WHAT TO WORK ON:
The listing below holds pictures; exclude them. Return exactly the lines from the one with "En referencia a" through the one with "El clima de".

PROVIDED INFORMATION:
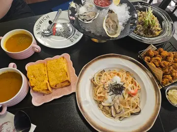 原來粉嶺開咗間新嘅西餐,可惜位置比較隔涉,不過裝修都幾靚幾有氣派,而且仲有生蠔食!🍽️日本蠔 $30@1隻 (跟餐優惠價)我哋略嫌生蠔set有啲多,所以散叫咗兩隻。今日嘅生蠔係日本生蠔,食落鮮甜、肥美厚肉,帶有Creamy嘅口感,好新鮮。有機會下次可以試埋其他產地嘅生蠔!🍽️炸魷魚鬚 $68份量幾多,新鮮炸起出爐熱辣辣上枱。炸魷魚鬚外皮好脆,同時炸粉唔會太厚,好惹味。🍽️南瓜蟹肉焗酥皮湯 (升級套餐後+$20)餐湯我哋升級咗做焗酥皮湯,賣相幾吸引。南瓜湯非常濃稠,配上少許蟹肉絲增添口感及鮮味,味道濃郁而且豐富,好鮮甜!🍽️地中海漁夫海蜆意粉 $128海蜆份量充足,無沙及碎殼。意粉帶有少許香草味甜甜地幾好味但唔覺有辣味,意粉口感偏硬身,個人幾鍾意。🍽️美國牛小排蒜香欖油意粉 $188之前睇某個韓國綜藝已經好想食嘅橄欖油意粉,終於俾我食到!欖油意粉香氣逼人,調味得宜,麵條煙韌彈牙,同時加入多種配料令口感及味道非常豐富!另外意粉上嘅牛小排更加係加咗唔少分數,牛小排非常軟滑,只稍微用火槍燒過,帶有濃烈焦香及牛香氣,配上炸蒜片食好夾!係我近期粉嶺食過數一數二嘅西餐,唔錯。…Read More
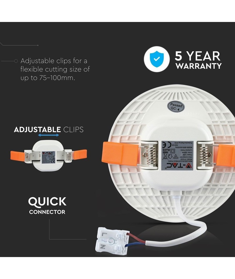 Denna LED-panel har en smidig och kompakt design med måtten 37 x Ø12 mm, vilket gör den enkel att installera. Hålstorleken för infällning är Ø7,5 cm.
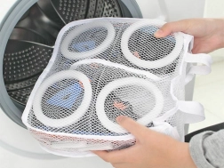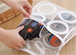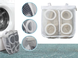 Hustá sieťovina a zips chránia obuv pred odermi a nárazmi, zároveň bránia poškodeniu bubna práčky.
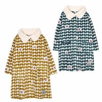 特 徴 :膝下まであたたかい前あきワンピース。ゆったりした着心地で、襟のボタンをとめるとタートルになり、首元まであたためてくれます。前:釦あき。
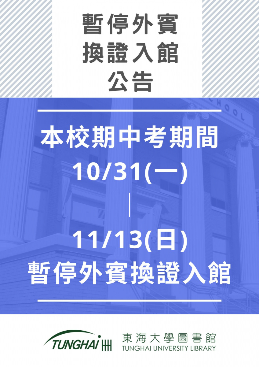 本校期中考期間10/31(一)-11/13(日)暫停外賓換證入館,若造成不便,請您見諒。
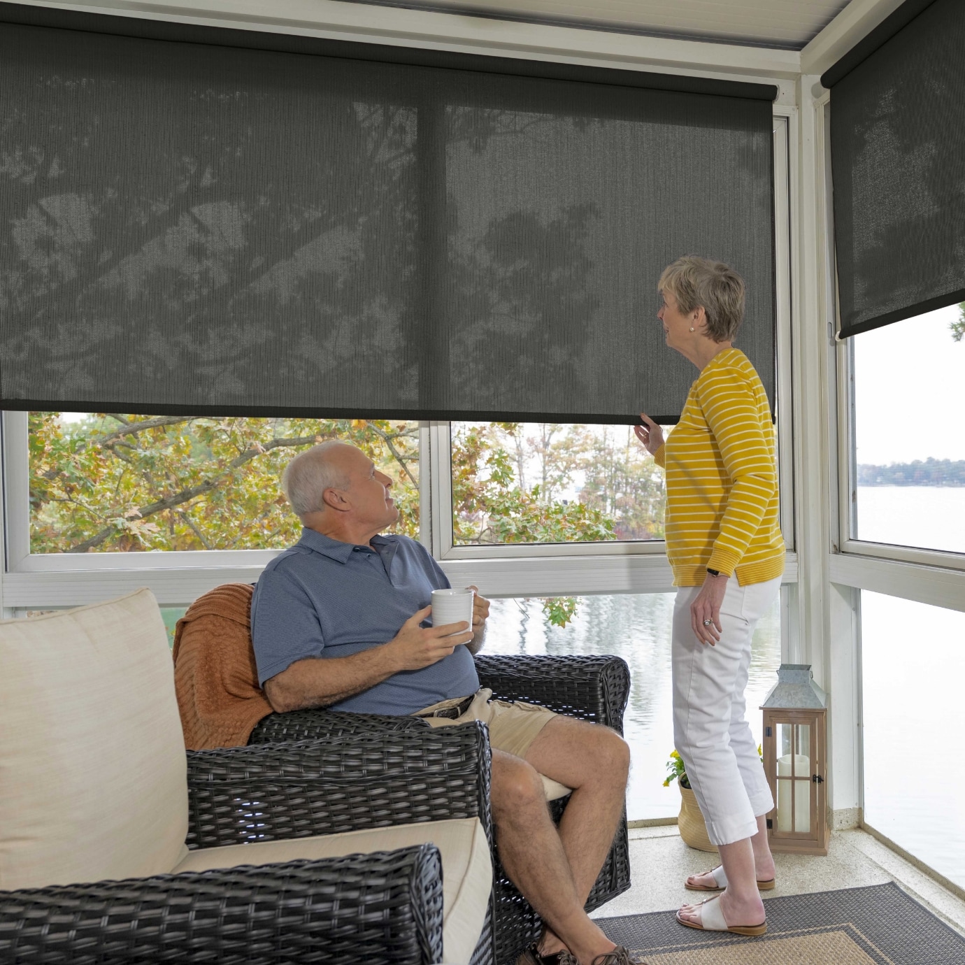 One gentle pull on this fabric roller shade positions the shade exactly where you want it, turning outdoor hot spots into cooler environments with little fuss.
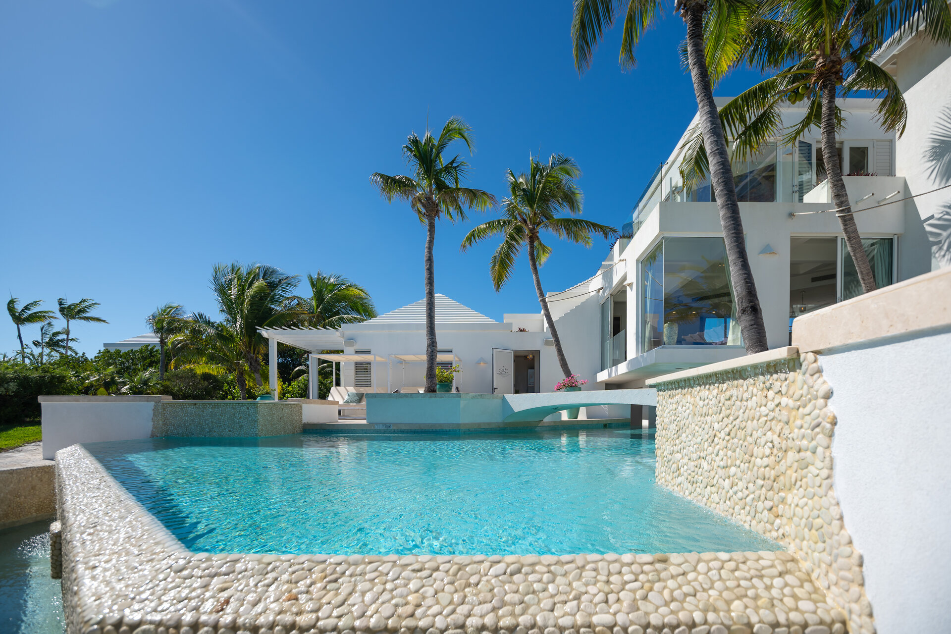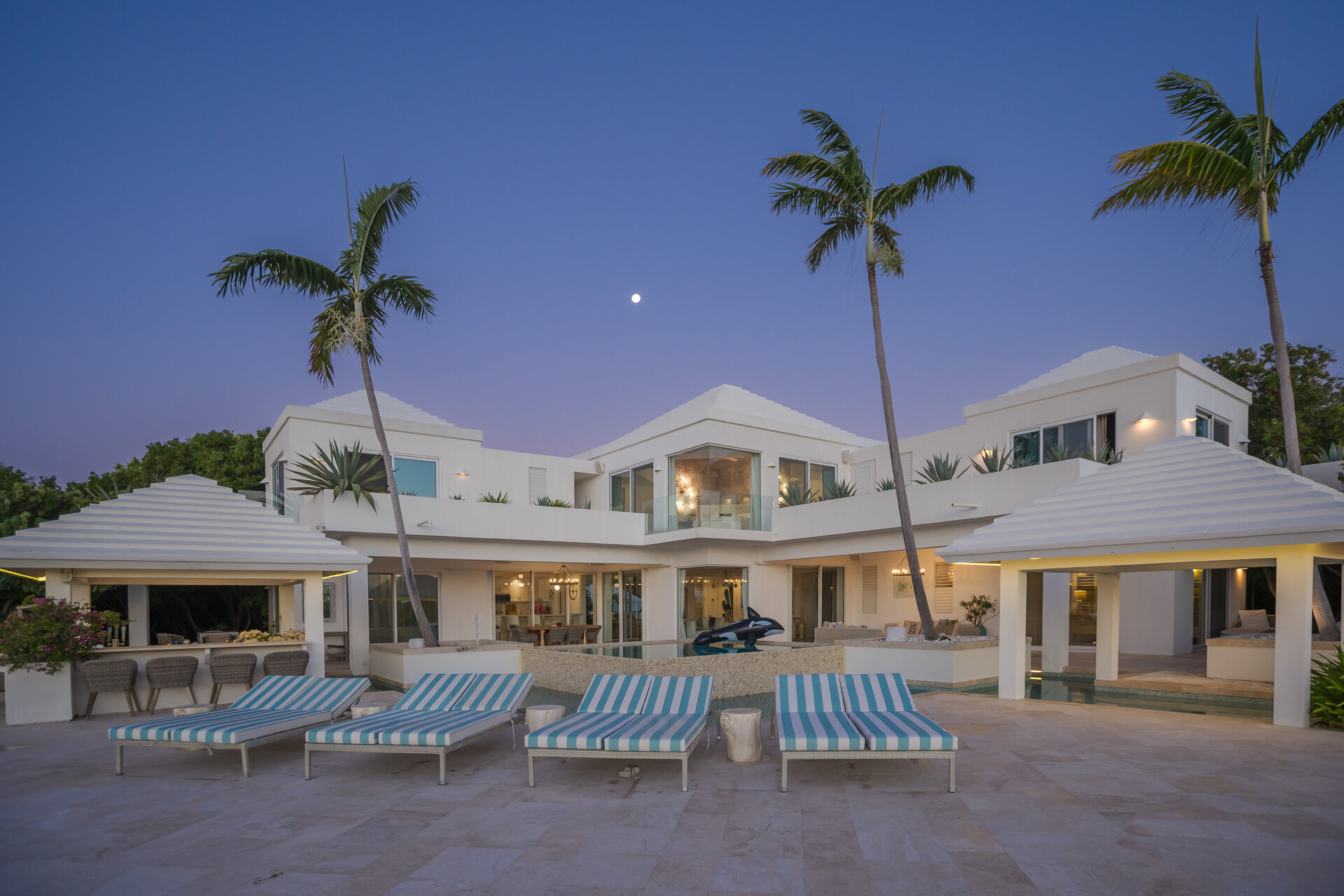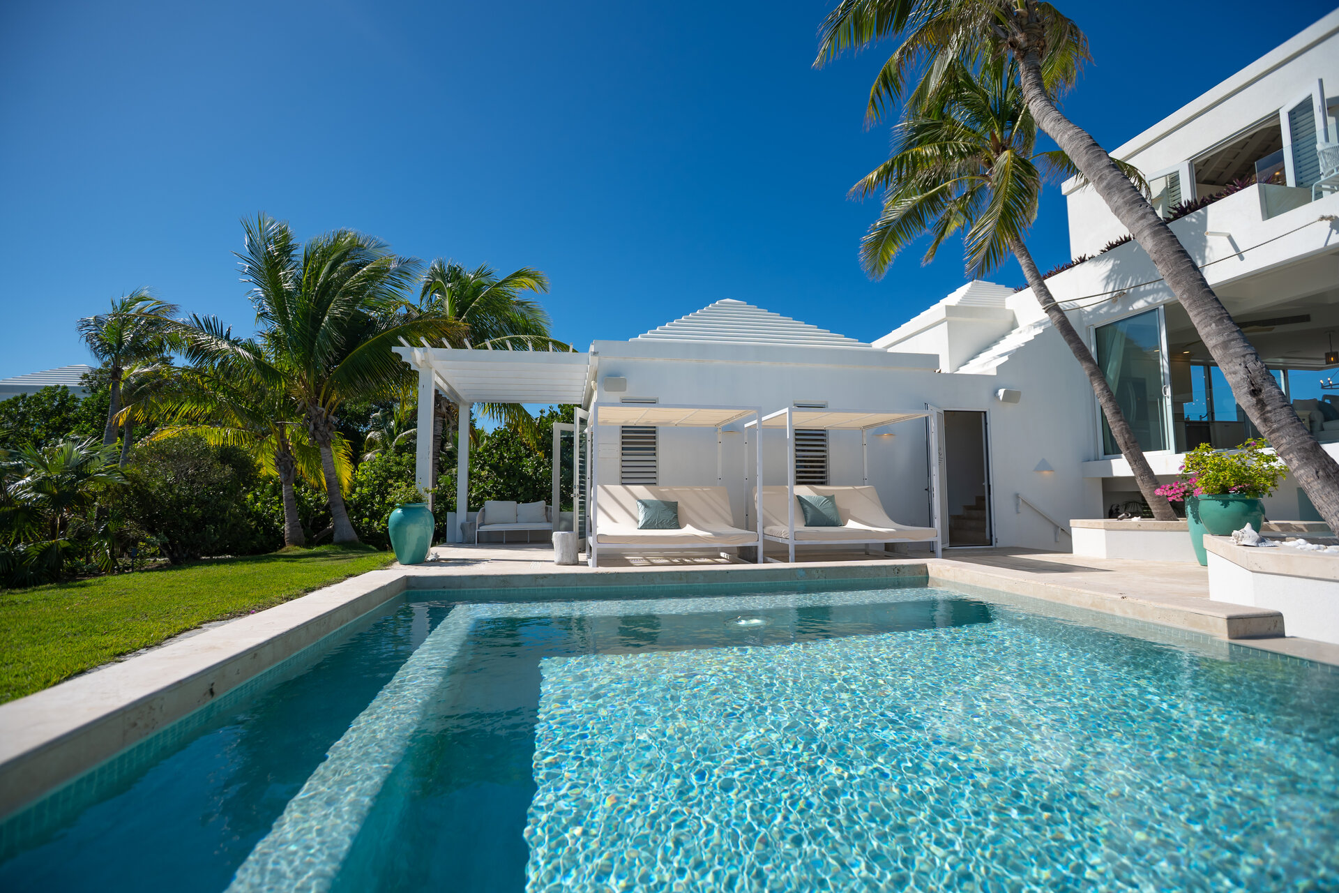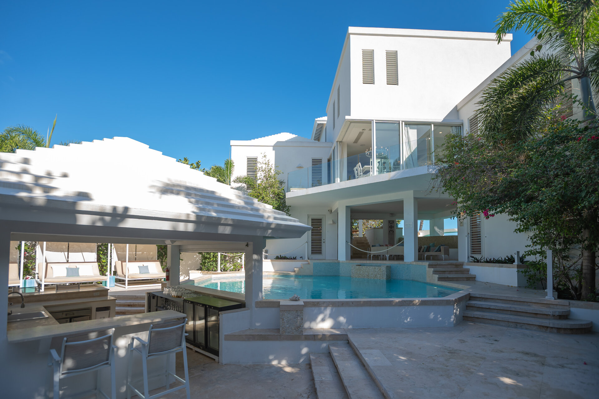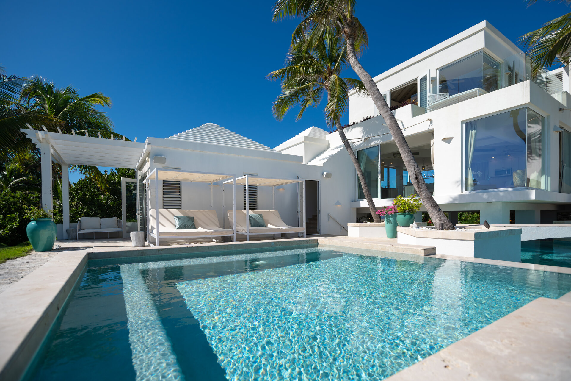Outdoor living is a defining feature of the villa. Two freshwater swimming pools, including a heated bar pool, a children’s wading pool, a hot tub, waterfall feature, and fire pit create a resort style environment. Sun decks, shaded lounges, alfresco dining for up to twenty guests, a teppanyaki grill, barbecue area, and full pool bar make entertaining effortless from day to night. Beach loungers, umbrellas, towels, and a beachside sound system complete the experience.
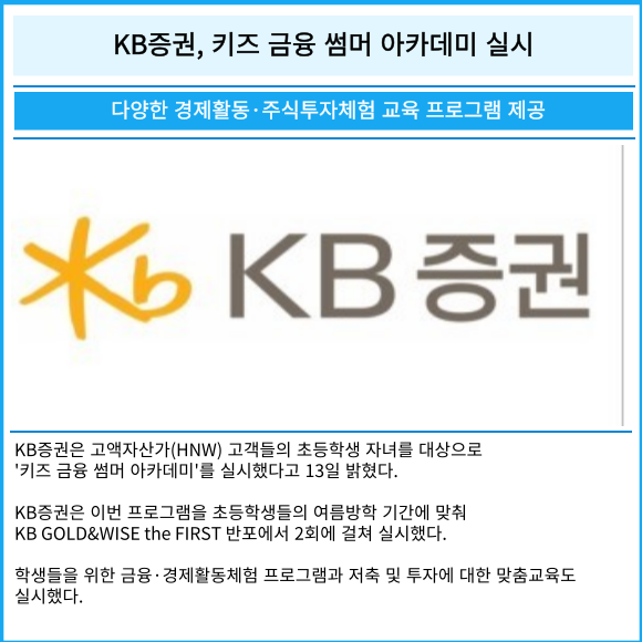 [카드] KB증권, 키즈 금융 썸머 아카데미 실시
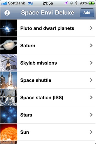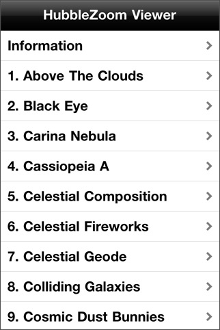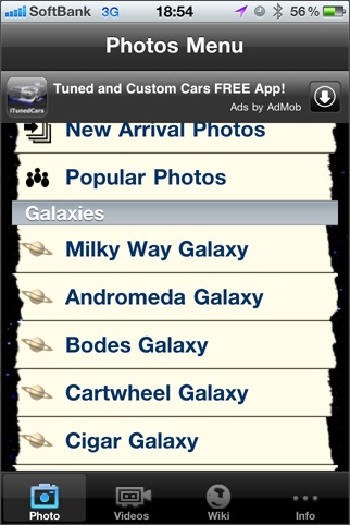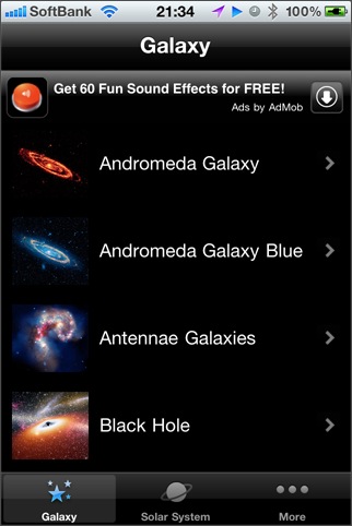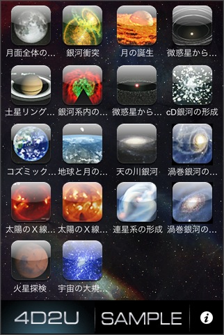60枚の宇宙関連の写真を見ることができるアプリ。カテゴリ分けされていて、好みの画像を素早く選ぶことができるようになっています。iPhone 4等の高解像度に対応していて、アルバムへの保存機能や解説ページ表示機能があります。
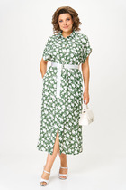 Модель полуприлегающего силуэта, с отрезной линией талии и втачным поясом. На верхней части переда настрочена планка, на нижней - клапаны. Округлый вырез горловины спереди подчёркнут планкой. Средний шов спинки снизу заканчивается разрезом. Платье декорировано пуговицами.
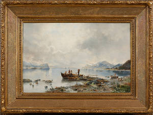 Okänd konstnär 1800-tal , Marint motiv Duk 39,5 x 56 cm. Krackelyr. Smärre fläckar. Läs mer...
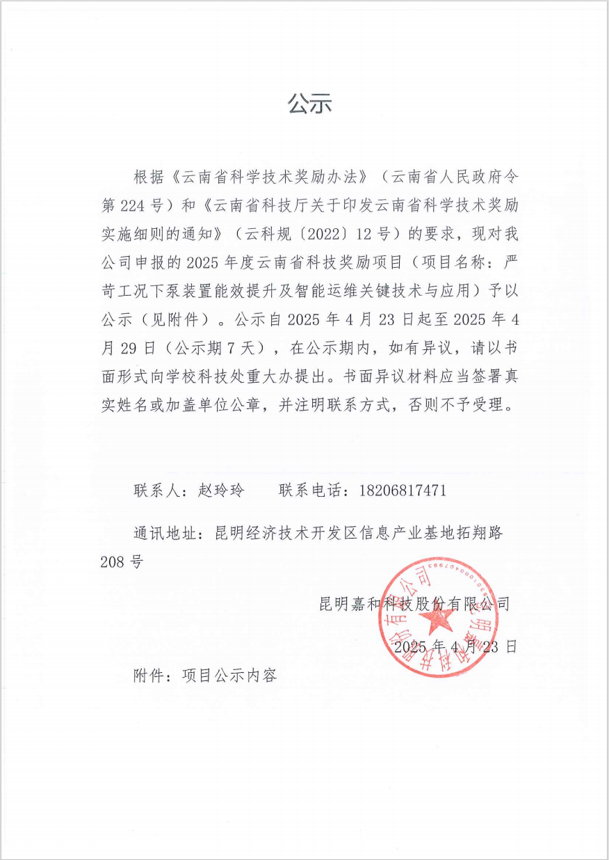昆明嘉和科技股份有限公司
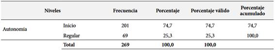 En referencia a la Tabla 5, los resultados se agrupan en dos niveles al analizar el factor autonomía: Inicio: 201 estudiantes (74.7 %) y Regular 69 estudiantes (25.3 %). Se observó que el 74,7 % de la población estudiantil se encuentra en el nivel de inicio, ello sugiere que consideran que la autonomía no es un factor que influya en el rendimiento del aprendizaje invertido. En cambio, solo el 25,3 % el nivel de autonomía lo consideran promedio, lo cual señala que este grupo de estudiantes al trabajar el aula invertida obtienen mejor aprovechamiento de este factor y por ende del aprendizaje. La autonomía es un factor crítico por mejorar en la implementación del aprendizaje invertido. La ausencia de estudiantes en niveles altos de autonomía muestra que los estudiantes aún dependen mucho de la guía del docente y pueden no estar preparados para gestionar su propio aprendizaje.
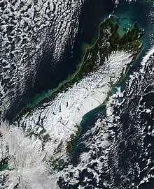 El clima de la Isla del Sur es mayoritariamente templado. La temperatura media de la Isla del Sur es de 8 grados Celsius (46,4 °F).[12] Enero y febrero son los meses más cálidos mientras que julio es el más frío. Las máximas y mínimas históricas son 42,4 °C en Rangiora, Canterbury y -21,6 °C en Ophir, Otago.[13]
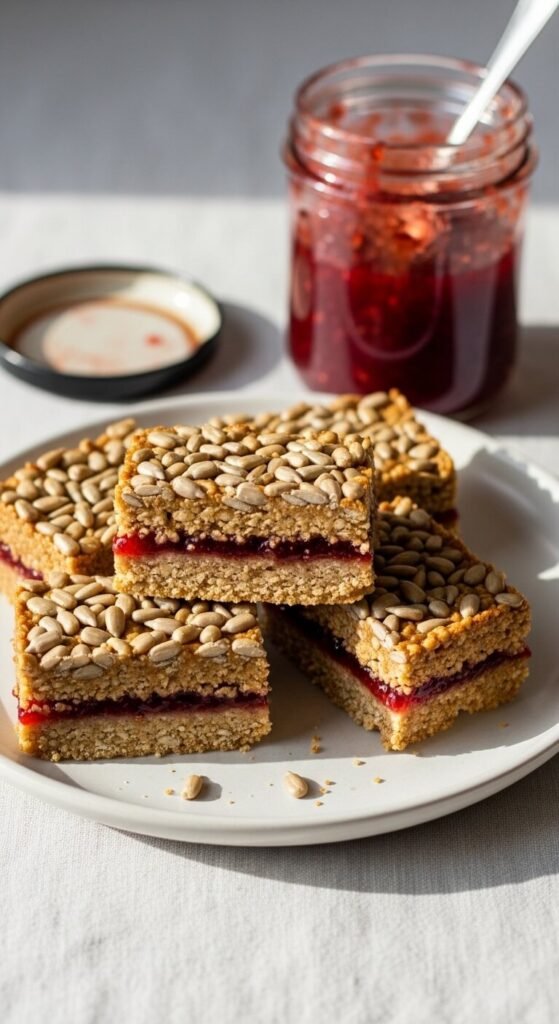 A jam layer pressed between two thin oat layers creates a granola bar that looks like a lot more work than it actually is. Press half the sunflower butter-honey-oat mixture into the pan, spread a generous layer of your favourite jam (strawberry, raspberry, and apricot all work well), then press the remaining oat mixture firmly on top. Refrigerate for at least three hours before slicing so the layers set cleanly. Sunflower butter makes this recipe nut-free, which is ideal for school lunchboxes. Budget tip: store-brand jam works identically to premium brands in this recipe.
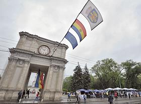 Виды Кишинева. Центральная площадь. Арка Победы. Ярмарка, посвященная вхождению Молдавии в Евросоюз.

RESULT FOR THIS TASK:
 En referencia a la Tabla 5, los resultados se agrupan en dos niveles al analizar el factor autonomía: Inicio: 201 estudiantes (74.7 %) y Regular 69 estudiantes (25.3 %). Se observó que el 74,7 % de la población estudiantil se encuentra en el nivel de inicio, ello sugiere que consideran que la autonomía no es un factor que influya en el rendimiento del aprendizaje invertido. En cambio, solo el 25,3 % el nivel de autonomía lo consideran promedio, lo cual señala que este grupo de estudiantes al trabajar el aula invertida obtienen mejor aprovechamiento de este factor y por ende del aprendizaje. La autonomía es un factor crítico por mejorar en la implementación del aprendizaje invertido. La ausencia de estudiantes en niveles altos de autonomía muestra que los estudiantes aún dependen mucho de la guía del docente y pueden no estar preparados para gestionar su propio aprendizaje.
 El clima de la Isla del Sur es mayoritariamente templado. La temperatura media de la Isla del Sur es de 8 grados Celsius (46,4 °F).[12] Enero y febrero son los meses más cálidos mientras que julio es el más frío. Las máximas y mínimas históricas son 42,4 °C en Rangiora, Canterbury y -21,6 °C en Ophir, Otago.[13]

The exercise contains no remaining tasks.